Saying what verbs is defective

defectivos1= <verb_name> ... defectivos2= <verb_name> ... defectivos3= <verb_name> ...

entries specifies defective verbs for which the function conjug has a hard-wired behavior.

%verb is a hash in the format :

$verb->{$verb_name}->{$tense_name}->[$person] == "whole word".

This is used for irregular verbs.

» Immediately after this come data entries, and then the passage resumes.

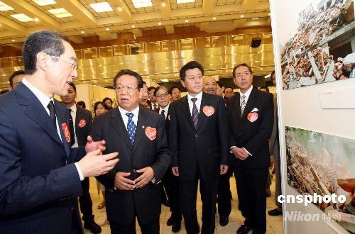 圖:香港署理行政長(zhǎng)官唐英年等參觀圖片展
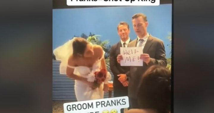 A quel punto lo sposo tira fuori un foglietto dove però, al posto delle promesse, c’è scritto “Help me!”, cioè aiutatemi. Come si vede nel video che spopola sui social la sposa inizialmente non capisce ma poi, dopo aver letto la scritta, fa una faccia sorpresa e offesa, tanto da colpire lo sposo con il bouquet sul braccio ma con delicatezza e col sorriso sulle labbra, segno che tutto sommato ha accettato lo scherzo.
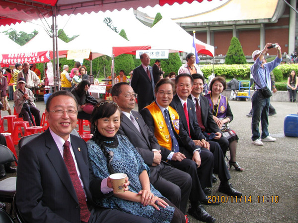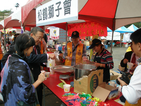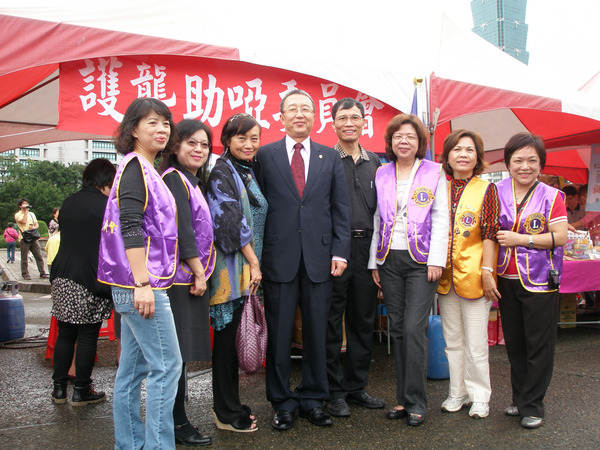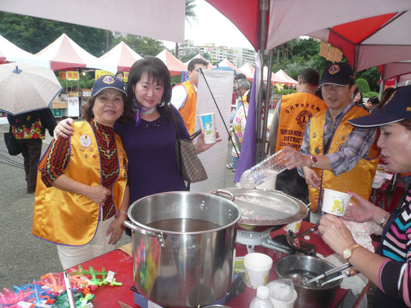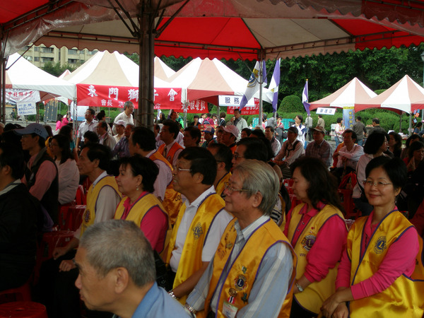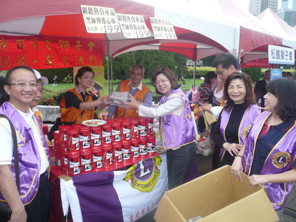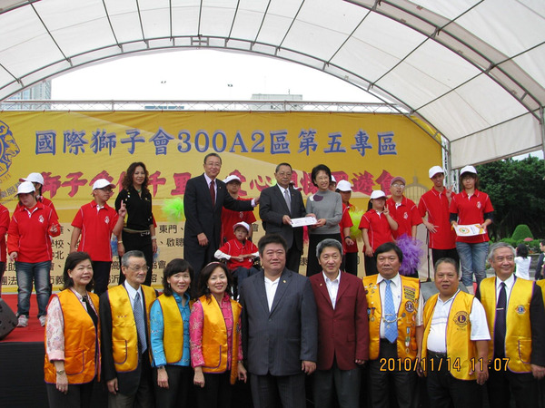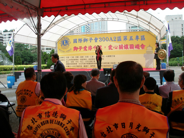 第五專區社會服務11/14在國父紀念館前舉行,原本陰雨綿綿的天氣,因獅友有愛,天氣變得更舒適怡人,啟聰、啟明、啟智及文山特殊教育學校的孩子們,像天使般的活潑,個個表演精彩動人.主辦單位提供15分鐘敲愛心鑼時間,讓獅友們每敲一聲鑼就捐一份愛心,獅友們奉獻愛心非常踴躍,隊伍大排長龍,充分展現「WE SERVE」的獅子精神.

All the $verb->{$verb_name}->{$tense_name}->[$person] and $verb->{$verb_name}->{$tense_name} need not be defined.

If a verb follows a model (i.e. is conjugated like a verb which is
present in %verb's keys, and more completely defined), it has a
"model" key :

$verb->{$verb_name}->{"model"} == "model name".

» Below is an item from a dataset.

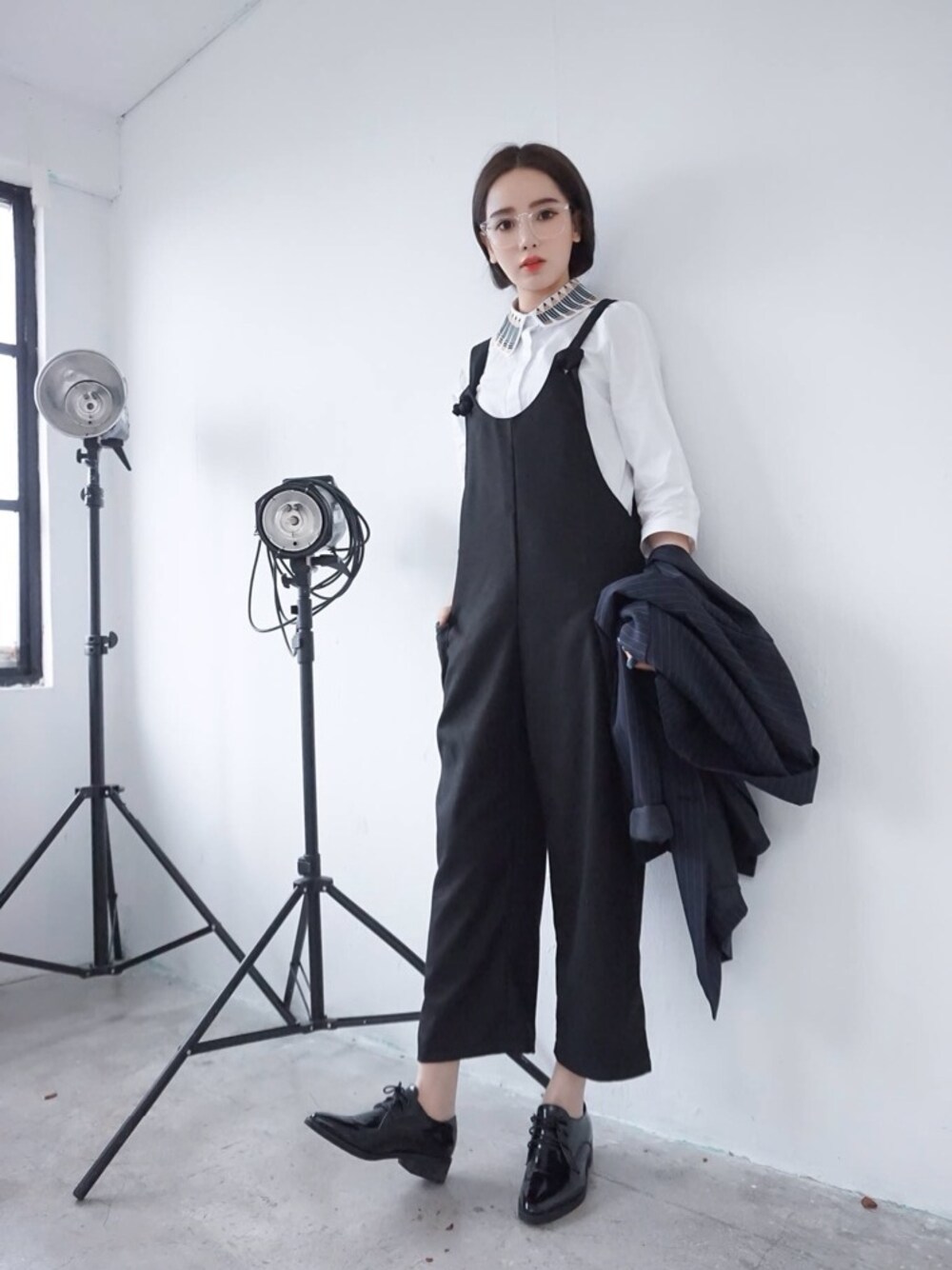 鉛筆襯衫 Little Unicas 吊帶寬褲 AJpeace 直條紋外套 Nai Korea 透明眼鏡 GU 鞋 a'Lady

If a verb is "defectivo" (has missing forms), but otherwise regular,
it will have an entry 

$verb->{"defectivo"}->{$verb_name} == number.

where the number (1,2, or 3) defines how it behaves.

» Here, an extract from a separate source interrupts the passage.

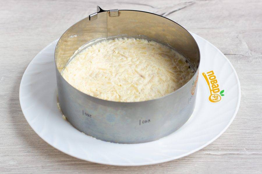 Когда всё подготовлено и остыло, приступим к приготовлению салата. Картофель очистите, натрите на крупной терке и смешайте по вкусу с майонезом, посолите по вкусу. 1 слой: картофель, заправленный майонезом. Кулинарное кольцо диаметром 14-16 см.
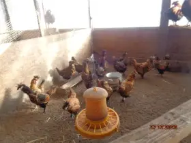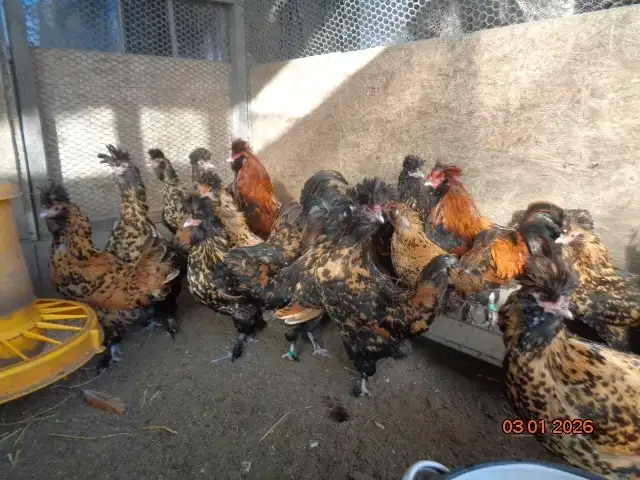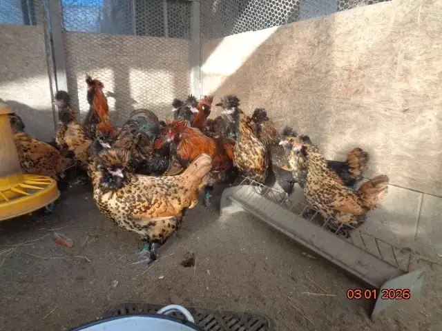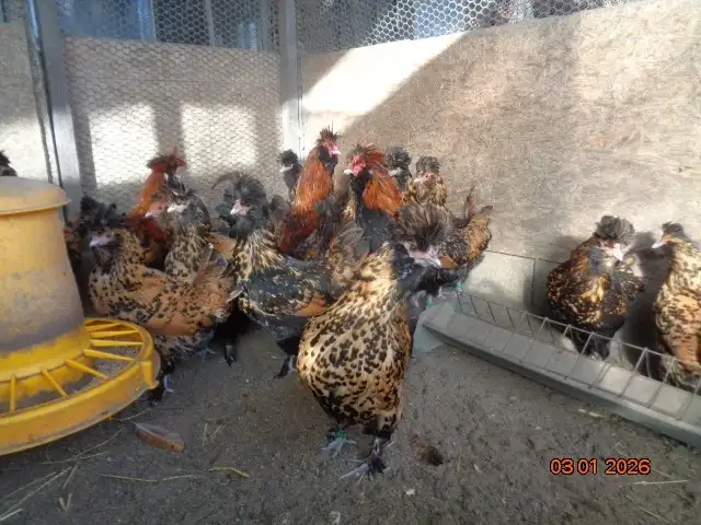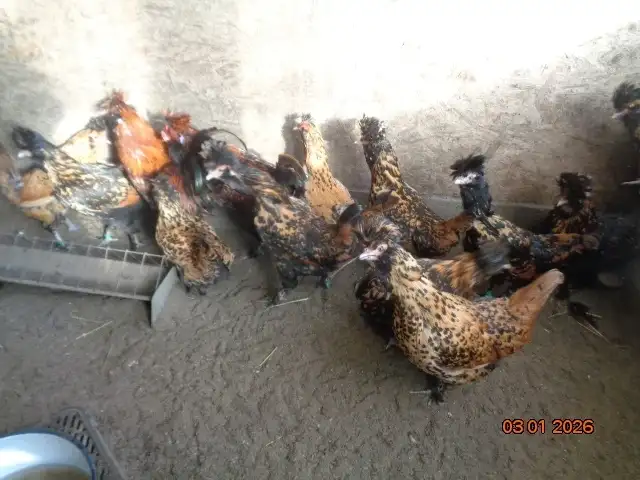 Prodám Pavlovská slepice - Ponúkam 3 sliepky a kohúta veľkého plemena Pavlovská zlatá čiernobodkovaná. Sú liahnuté 21.2.2025, sú krúžkované a vakcínované. Osobný odber v Bratislave II, po 590,-Kč/ks

%reg is a hash describing the ending of regular verbs :

$reg->{$verb_ending}->{$tense_name}->[$person] == "ending".

The verb ending may be [aeio]r.

%endg contains regexes that match verb endings, and is, right now, a little obsolete in the code.

codify($string) reads a string in the verb.pt format, and modifies the internal %verb variable.

&locate($verbname) If $verbname is not a key of "%verb", finds the data relevant to that verb in the string $vlist , and codes so that %verb reflects that data.

ALGORITHM of the conjug sub :

Pick up options and arguments.


FOREACH verb $v,

  Find the $root and ending ($edg).

  Check if $v will require a special treatment, e.g. if it ends in
    /g[ei]r$/, /c[ei]r$/, etc... and if it is the case, define a
    "modifier" function (called &$modif), that will be called to
    "final-polish" the output.

  IF $v is IRREGULAR, e.g. if %verb{$v} is defined.

    IF $v follows a model, find that model, and "see what it looks
      like" (e.g. does the model's root ($rm) end with consonnants,
      etc). 
    END


    FOREACH tense $t and person $p ($b is in 1-4,6),
    
      IF this form (e.g. $verb->{$v}->{$t}->[$p-1]) is explicitely
        defined,  

        Great! That's it.

      ELSE IF the model is explicitly defined, for this form,
  
        "See how the model relates to the form, and how the verb $v
         relates to the model, and from that find what should be $v's
         corresponding form" (quite heuristic).

      ELSE 

        Find the appropriate form for regular-irregular verbs (another
        series of heuristics).

      END
    
      Check for "defective" verbs.

    END

  ELSE (verb is REGULAR)
    
      It's trivial. 

  END
END  That's it!

The actual code is much, much hairier.

WHAT MAKES ME BELIEVE IT WORKS?

The file C<reference> reference contains conjugation tables for
plenty of verbs. Each time I modify C<Verb.pm>, I run the program
C<ckconj> ("ckconj all") that checks that the output is still
correct for all these verbs. 

This program outputs two lines, one starting with "OK", containing
the verbs that checked ok, and a line "NOT IN REFERENCE FILE"
containing the verbs that "Verb.pm" knows about, but that are not in
the "reference" file.

Any other output reports found errors.


Since F<reference> is produced by L<conjug>, it may be inadvertely
contaminated. When I discover that, I hack F<Verb.pm> until it
conjugates correctly the faulty verb (by checking myself), *and all
the other ones too* (with "ckconj all")(like that, I check that my fix
has not broken anything). And then I run the program F<assert> (syntax
is "assert faulty_verb"), which modifies the reference table.

SEE ALSO : treinar, conjug.

VERSION 0.01

AUTHOR Etienne Grossmann, Jan 27th 1998 [etienne@isr.ist.utl.pt]

CREDITS

Thanks to all people on usenet and here at ISR with whom I have
discussed about this module, who have provided advice on conjugation,
programming, on naming and on all relevant points.